Vitis Unified Software Platform Documentation: Application Acceleration Development (UG1393)

Document ID
UG1393
Release Date
2023-07-17
Version
2023.1 English
Application hangs can also be caused by incomplete DMA transfers initiated from the host code. This does not necessarily mean that the host code is wrong; it might also be that the kernels have issued illegal transactions and locked up the AXI.
  1. If the platform has an AXI firewall, such as in the Vitis target platforms, it is likely to trip. The driver issues a SIGBUS error, kills the application, and resets the device. You can check this by running the following command:
    xbutil examine -d <bdf> -r firewall

    The following figure shows such an error in the firewall status:

    Firewall Last Error Status:
    		0:		0x0	 (GOOD)
    		1:		0x0	 (GOOD)
    		2:		0x80000 (RECS_WRITE_TO_BVALID_MAX_WAIT). 
    				  Error occurred on Tue 2017-12-19 11:39:13 PST
    
    Xclbin ID:	0x5a39da87
    Tip: If the firewall has not tripped, the Linux tool, dmesg, can provide additional insight.

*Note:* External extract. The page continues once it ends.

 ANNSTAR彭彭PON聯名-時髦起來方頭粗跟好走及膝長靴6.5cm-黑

  2. When you know that the firewall has tripped, it is important to determine the cause of the DMA timeout. The issue could be an illegal DMA transfer, or kernel misbehavior. However, a side effect of the AXI firewall tripping is that the health check functionality in the driver resets the board after killing the application; any information on the device that might help with debugging the root cause is lost. To debug this issue, disable the health check thread in the xclmgmt kernel module to capture the error. This uses common Unix kernel tools in the following sequence:
    1. sudo modinfo xclmgmt: This command lists the current configuration of the module and indicates if the health_check parameter is ON or OFF. It also returns the path to the xclmgmt module.
    2. sudo rmmod xclmgmt: This removes and disables the xclmgmt kernel module.

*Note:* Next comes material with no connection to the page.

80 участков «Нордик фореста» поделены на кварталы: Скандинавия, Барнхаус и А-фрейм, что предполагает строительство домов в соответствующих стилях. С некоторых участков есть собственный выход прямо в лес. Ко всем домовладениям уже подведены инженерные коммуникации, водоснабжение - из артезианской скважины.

    3. sudo insmod <path to module>/xclmgmt.ko health_check=0: This re-installs the xclmgmt kernel module with the health check disabled.
      Tip: The path to this module is reported in the output of the call to modinfo.
  3. With the health check disabled, rerun the application. You can use the kernel instrumentation to isolate this issue as previously described.